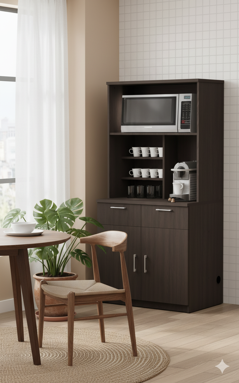 This multi-functional kitchen hutch features a rich, dark wood finish and an intelligent design perfect for creating a dedicated beverage station in your home or office. The unit includes a large open compartment for a microwave, specialized shelving for cups and glasses, and a countertop area ideal for your coffee maker. Below, two spacious drawers and a large lower cabinet with doors provide ample closed storage for supplies, linens, and pantry essentials, keeping everything neat and accessible.
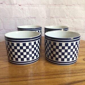 Elevate your dining experience with this set of International Tableworks mugs, featuring a classic blue and white checkered design. Ideal for serving soups or hot beverages, these mugs offer both style and functionality. Their timeless appeal makes them a perfect addition to any dining setting. Oven and dishwasher safe. Each mug measures approximately 2 1/2” tall, 4 1/2” wide including the handle. Great vintage condition. No chips, cracks or repairs. Two of the mugs have marks / scuffs inside from use. Smoke free home.
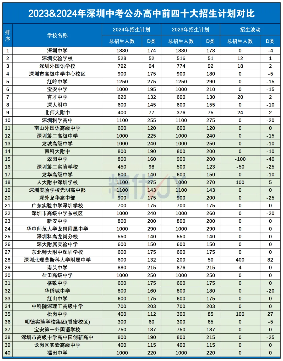 2024年,中考录取分数线排名前二十的公办高中里,D类招生仅占19.17%;前十大则为17.35%;而“四大名校”中D类招生比例更是低至12.07%,深圳中学与深圳实验学校D类招生比例更是不足10%。
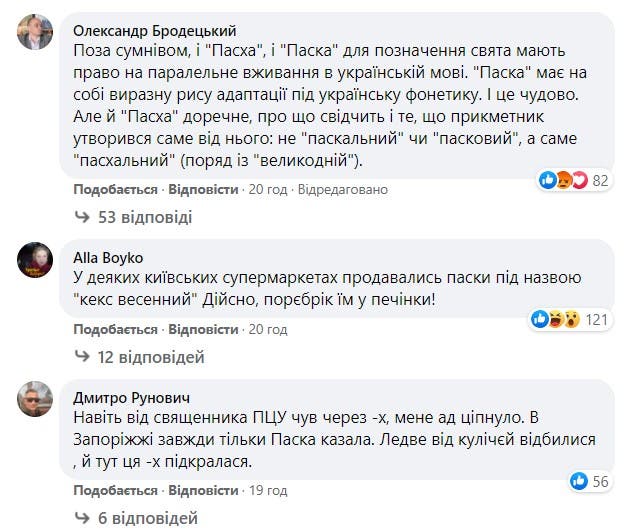 В комментариях многие пользователи не согласились с утверждениями писателя, несмотря на приведенные примеры. По мнению одного из них, Пасха имеет такое же право существовать в украинском языке, как и Паска, поскольку именно от этого слова образуется «пасхальний».
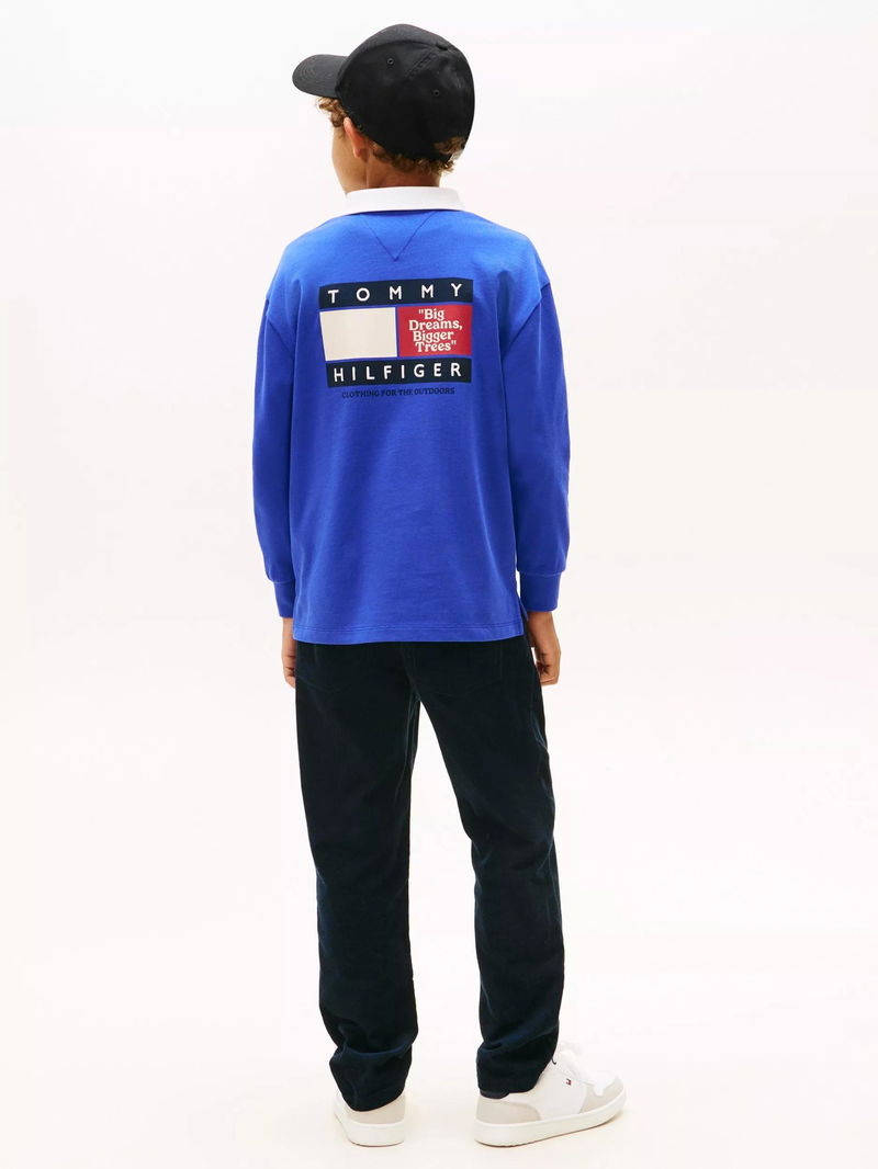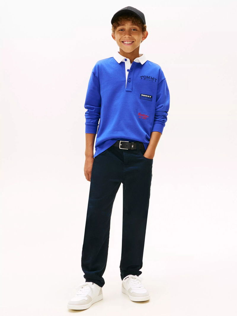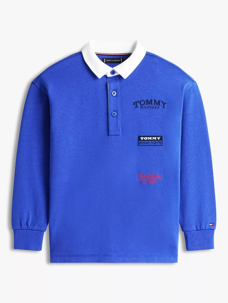 Kids' Pure Cotton Long Sleeved Polo Shirt, Majesty Blue

============

# [Exercise instructions]
Every line from the one containing "2024年,中考录取分数线排" to the final line of the records must be transcribed exactly, both ends included, with the pictures left out.

# [Result of this task]
 2024年,中考录取分数线排名前二十的公办高中里,D类招生仅占19.17%;前十大则为17.35%;而“四大名校”中D类招生比例更是低至12.07%,深圳中学与深圳实验学校D类招生比例更是不足10%。
 В комментариях многие пользователи не согласились с утверждениями писателя, несмотря на приведенные примеры. По мнению одного из них, Пасха имеет такое же право существовать в украинском языке, как и Паска, поскольку именно от этого слова образуется «пасхальний».
 Kids' Pure Cotton Long Sleeved Polo Shirt, Majesty Blue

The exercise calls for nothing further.